Abstract
This study determined the prevalence and risk factors for genital human papillomavirus (HPV) detection among men who deny ever engaging in penetrative sex. A questionnaire was administered to 4123 men from a cohort study of HPV natural history. Genital exfoliated cells were collected and genotyped for 36 HPV types. Eighty-eight men were classified as virgins. Log-binomial regression models identified factors associated with genital HPV detection. The prevalence of any and high-risk HPV types among 88 male virgins was 25.0% and 18.2%, respectively. Age and smoking status were associated with HPV detection. Further studies are needed to better understand the risk for HPV infection among male virgins.
Keywords: human papillomavirus, male, virgins, prevalence, risk factors
Human papillomavirus (HPV) infection, the most common sexually transmitted infection worldwide, is a necessary cause of cervical cancer and is also causally associated with anal, vulvar, vaginal, penile, and oral cancers [1]. Additionally, HPV causes typically nonmalignant clinical lesions, such as genital warts and recurrent respiratory papillomatosis [1].
Penetrative sexual intercourse is likely the primary mode of HPV transmission. However, there is a growing body of research suggesting that HPV may be transmitted vertically from mother to infant, by nonpenetrative sex, by nonsexual skin-to-skin contact, and through fomites contaminated by HPV [2]. While a few studies have examined HPV infection among children and female virgins [2], to our knowledge there are almost no data on HPV prevalence among male virgins [3]. Studying HPV in male virgins may help to improve our understanding of HPV transmission. Our objectives were to determine the prevalence of genital HPV infection among male virgins at baseline in a large cohort study of genital HPV among men and to identify risk factors for genital HPV infection among these men.
METHODS
Study Population
From June 2005 to September 2009, healthy men were recruited from Tampa, Florida, São Paulo, Brazil, and Cuernavaca, Mexico, for the prospective HPV Infection in Men study.
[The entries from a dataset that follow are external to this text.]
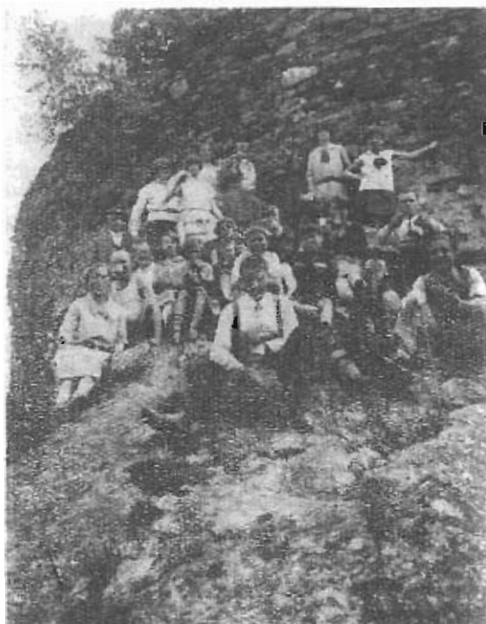
JEDNOTA PROLETÁRSKÉ TĚLOVÝCHOVY ADAMOV - 2. o.
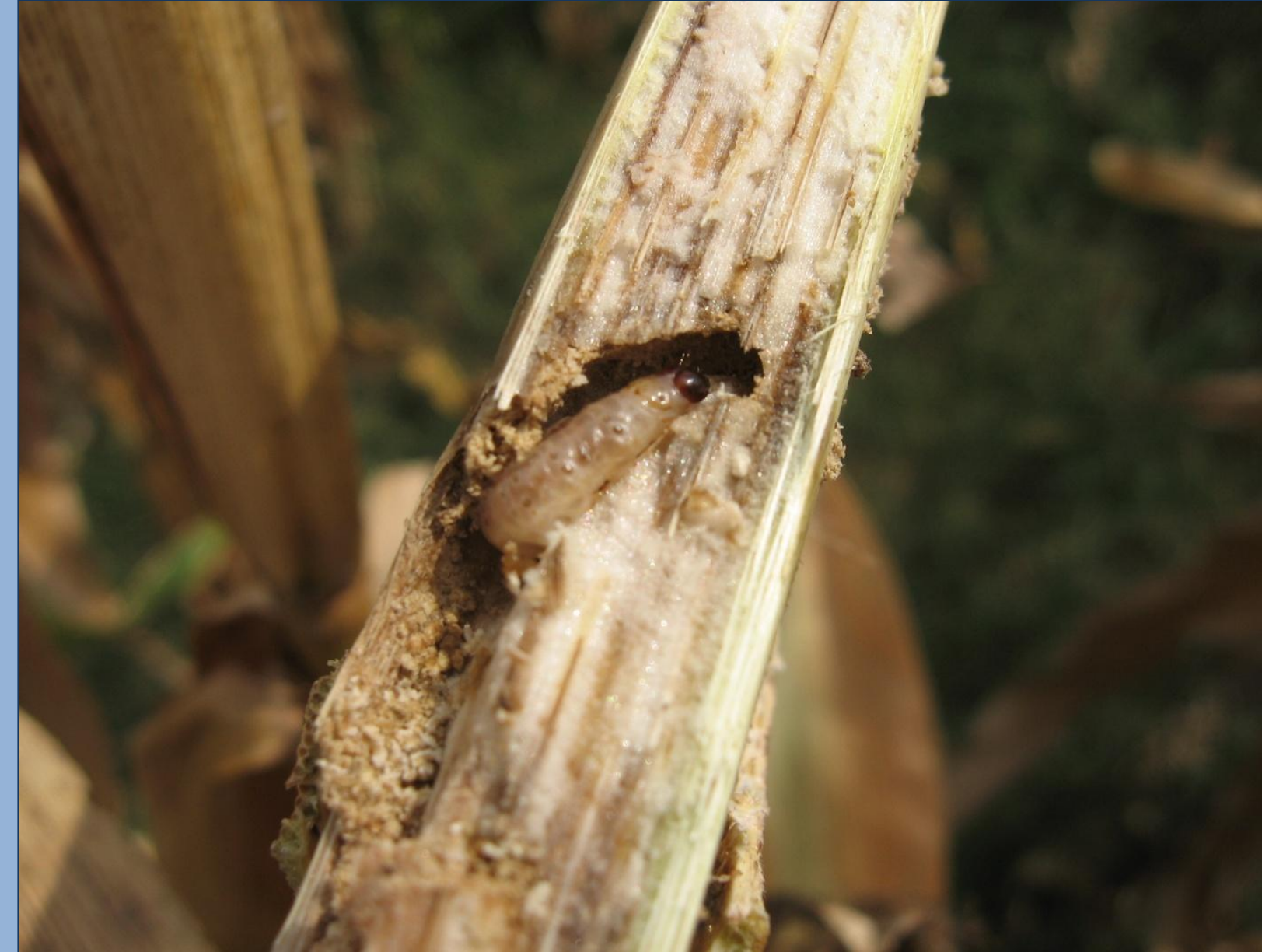
Abb. 2: Larve von O. nubilalis in aufgeschnittenem Stängel
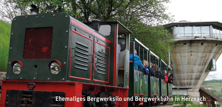
Ehemaliges Bergwerksilo und Bergwerkbahn in Herznach
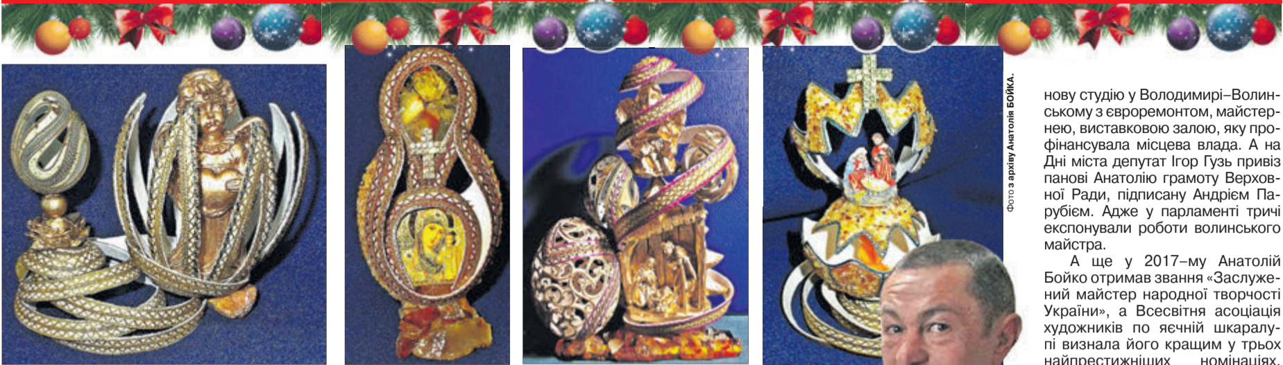
Майстер не робить ескізів: коли з'являється ідея – одразу бачить результат.
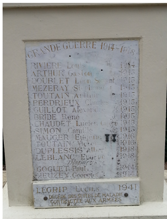
Plaque commémorative des soldats Morts pour la France sur le monument de Glanville
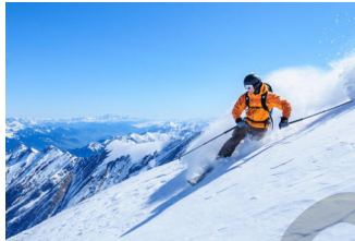
vacaciones de esquí

Details of the study have been described elsewhere [4]. The study population consisted of men who were aged 18–70 years, residents of southern Florida, São Paulo, or Cuernavaca; had no prior diagnosis of penile cancer, anal cancer, or genital warts; had no symptoms of a sexually transmitted infection (STI) or treatment for an STI; had not participated in an HPV vaccine study; and had no history of human immunodeficiency virus (HIV) infection or AIDS. Being sexually active was not an inclusion criterion. All study procedures were approved by human subjects' committees at each study site.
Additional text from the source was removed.